Biomarkers You Need Before Searching for Trials

The molecular complexity of breast cancer means that "breast cancer trial" is an almost meaningless search category without your specific biomarker profile. Before investing time in trial identification, you need:

• ER/PR/HER2 status: The foundational classification. HER2 IHC and ISH results — including whether you're HER2-low (IHC 1+ or 2+/ISH-) — are required for ADC trial eligibility.
• BRCA1/2 germline testing: Required for PARP inhibitor trial eligibility. Germline blood test, not just somatic tumor testing — both are needed if you're considering combination trials.
• PIK3CA mutation status: Activating mutations in PIK3CA (found in ~40% of HR+ breast cancers) predict response to capivasertib and alpelisib. Tumor tissue or liquid biopsy.
• PD-L1 CPS: For metastatic TNBC and some HR+ trials. CPS ≥10 is required for some pembrolizumab indications; CPS ≥1 for others.
• ESR1 mutation status: For elacestrant and next-generation SERD trials in HR+ disease that progressed on aromatase inhibitors. Liquid biopsy is preferred (ESR1 mutations emerge under treatment pressure and may not be in archival tissue).

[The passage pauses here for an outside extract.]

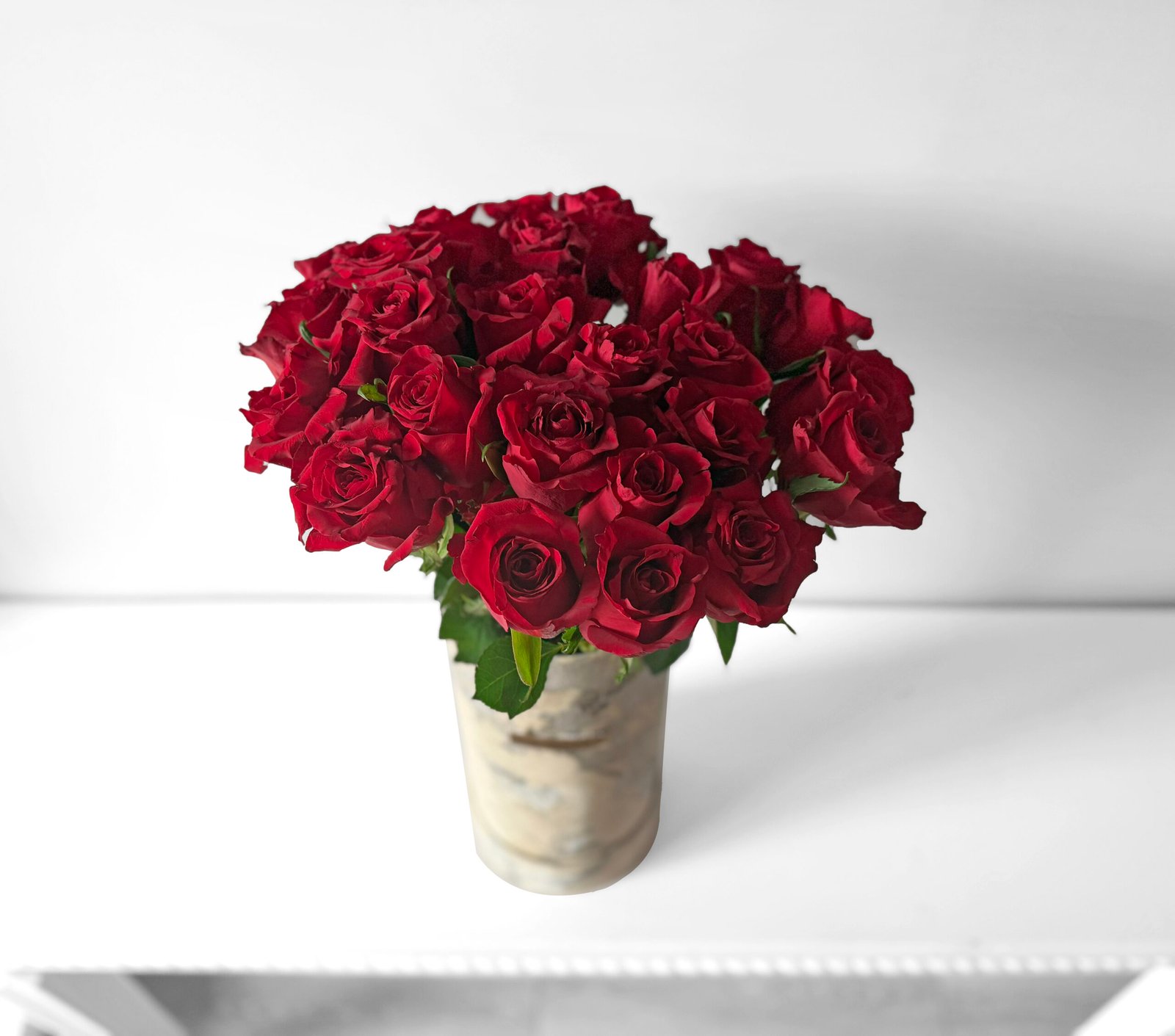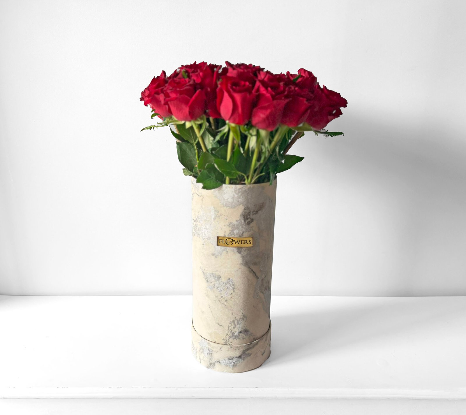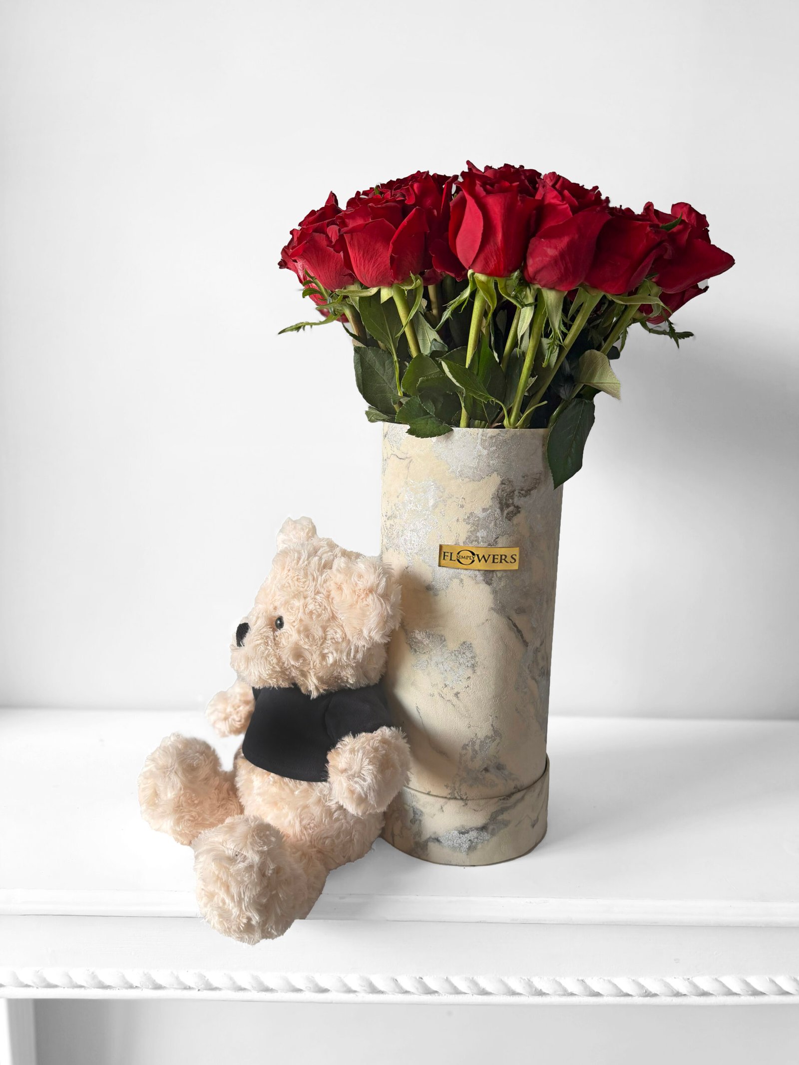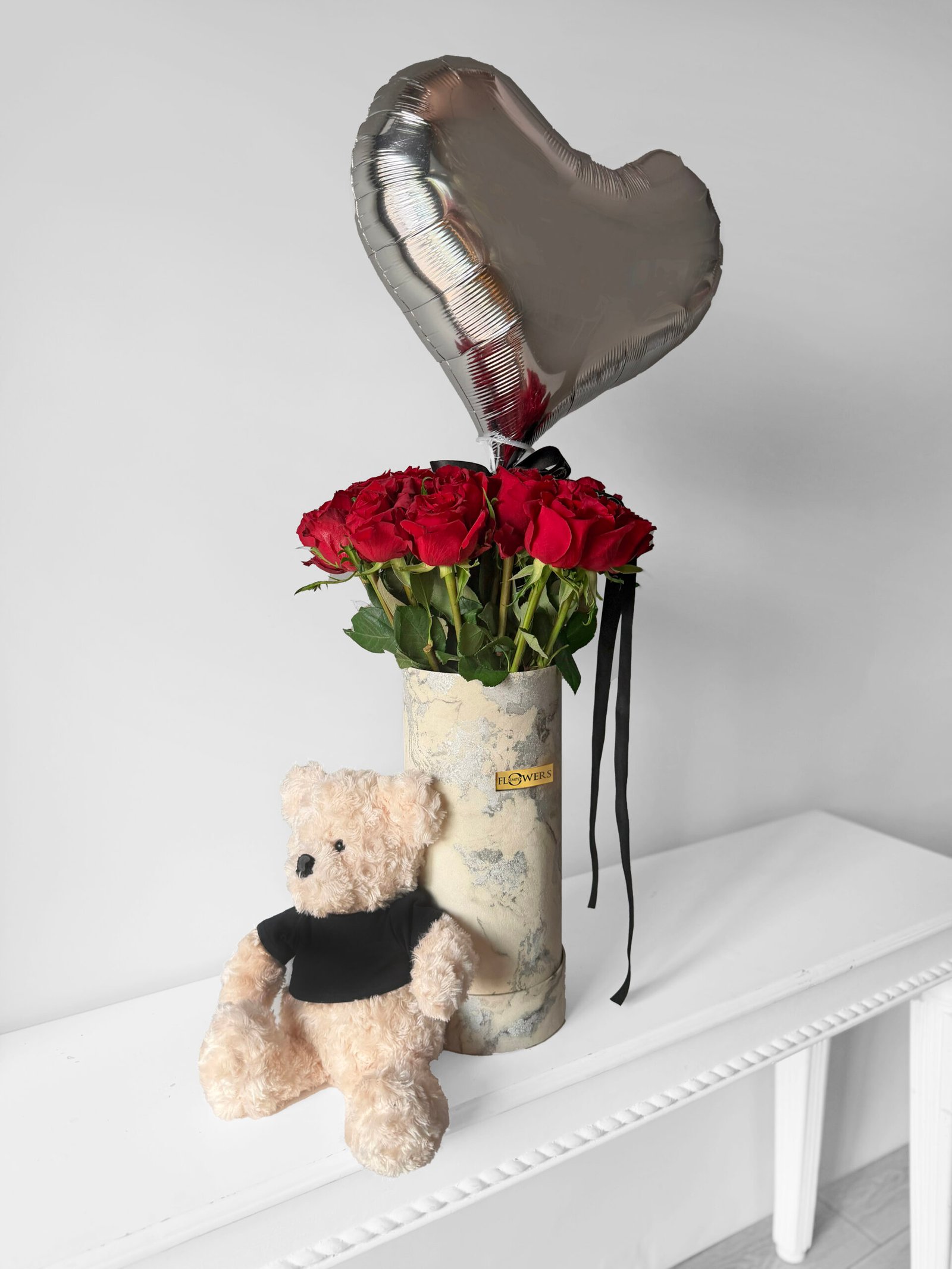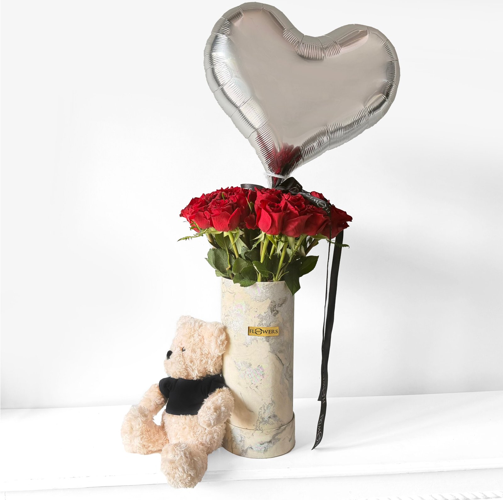 30 red roses in our signature silver & white marble print hat box with a complimentary bear & a balloon
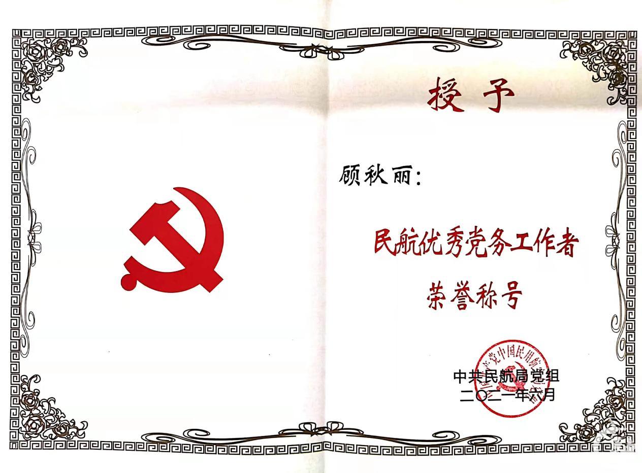 王宏伟、顾秋丽老师分别获民航优秀共产党员和民航优秀党务工作者荣誉称号

Comprehensive genomic profiling (Foundation One CDx, Tempus xT) covers most of this in a single test. For liquid biopsy specifically, Guardant360 captures ESR1 mutations and PIK3CA mutations from circulating tumor DNA. Many trials will provide or reimburse required testing at screening — ask the trial coordinator before paying out of pocket.